By Evan Raftes | Project Leader
In parts of Ukraine, the danger doesn't announce itself. It just lands — and waits.
Russia has begun using cheap FPV drones to drop small anti-personnel mines across residential areas in cities like Kherson. They're called "Pryanik" — gingerbread — and the name almost sounds like a joke until you understand what they're designed to do. Round, palm-sized, wrapped in camouflage fabric. They disappear into grass, into litter, into the spaces where kids play. Seven kilograms of pressure is enough to trigger one. A toddler weighs more than that.
This isn't a front-line tactic. It's a neighborhood one.
Kherson's 60,000 remaining residents already spend most of their time in basements, listening for the sound of drones overhead.

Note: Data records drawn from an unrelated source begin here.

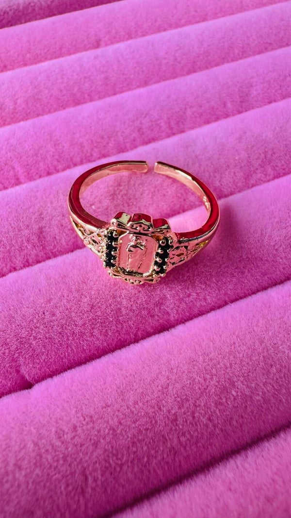 Anillo ajustable en Oro Laminado . Abre por la parte de atrás . Se ajusta ha medida 5-9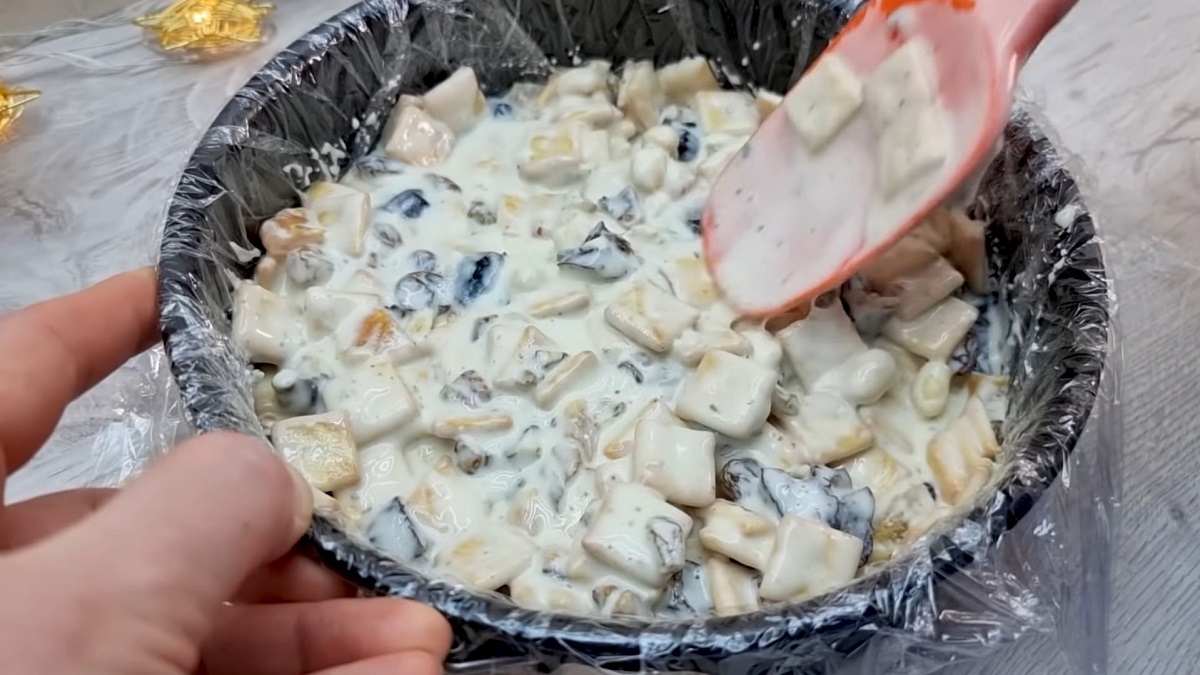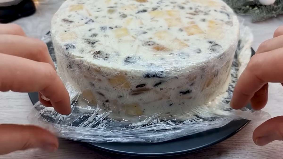 Przykryj formę folią spożywczą i umieść tam przygotowaną masę. Przykryj go deską, dołączając ciężar.
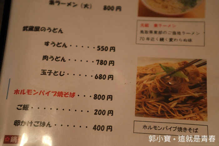 | 因為這次來鳥取的人數滿多的,所以戰力算是還滿堅強的,所以翻開菜單我們就開始點了,除了牛雜炒麵以外還有點拉麵跟其他餐點。 |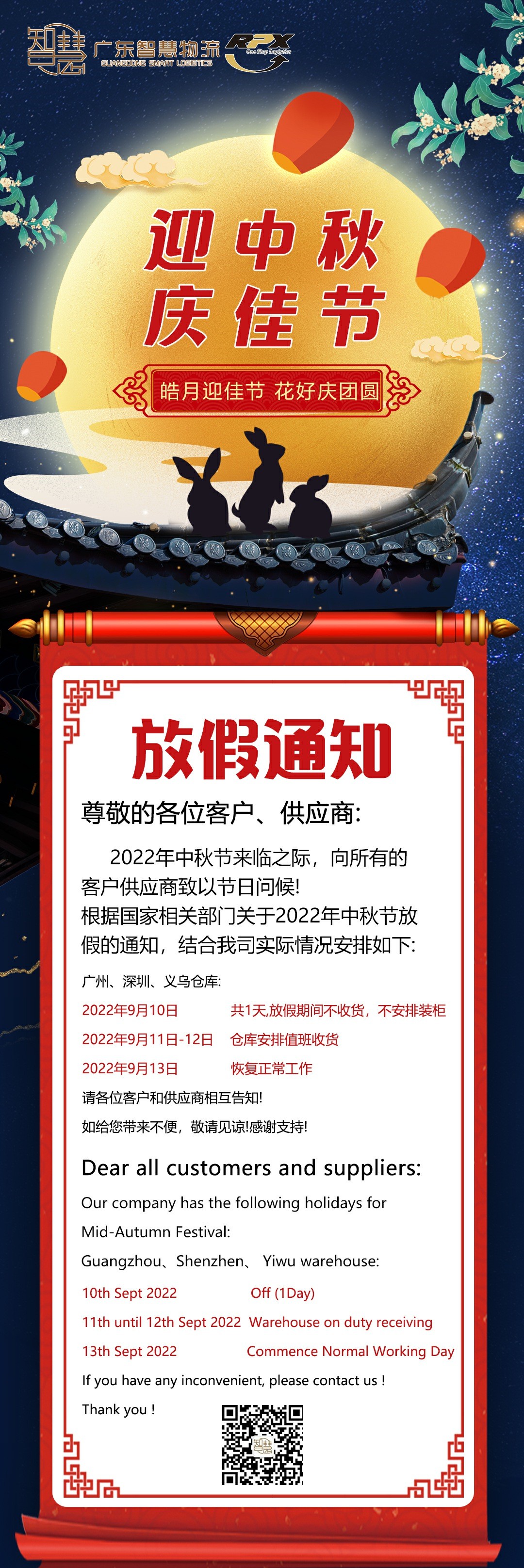 印尼馬來新加坡海運(yùn)的廣東智慧物流2022年中秋節(jié)放假安排。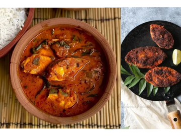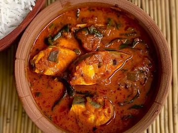 Tamil Nadu style fish curry with shallots, tamarind, and curry masala with rice. Portion Size: Curry ~250 gms, Rice - 450 gms

Now the ground outside their doors has become part of the threat. Walking to a pharmacy. Stepping into the yard. Letting a child outside for an hour. Every ordinary thing carries a calculation it shouldn't have to.
For our team at Hope For Ukraine, this has changed how everything works.
Aid deliveries are timed around bad weather, when drone activity slows. Teams look for tree cover in the open air. Residents hesitate at their own doors, listening before they step out. What used to be a logistics challenge is now a safety operation at every turn.
And yet the need doesn't stop. Families still need food. Homes still lose power. Children still need somewhere to just be children.
Through our Family Support Program, we're delivering food kits and essential supplies to families who can't safely leave.
Through our Solar Energy Resilience Program, we're keeping lights and heat on when the grid goes down.
Through our Children's Programs, we're giving kids after-school activities and summer camps — real moments of normalcy inside a situation that has very little of it.
As of April 2026, 1,431 people have been injured by Russian mines and explosive remnants since the full-scale invasion began. 147 of them were children.
That number will keep growing unless conditions change. Until they do, we'll keep showing up — adjusting, adapting, and making sure families in Kherson know they haven't been forgotten.
Your support makes that possible. Thank you for being part of this.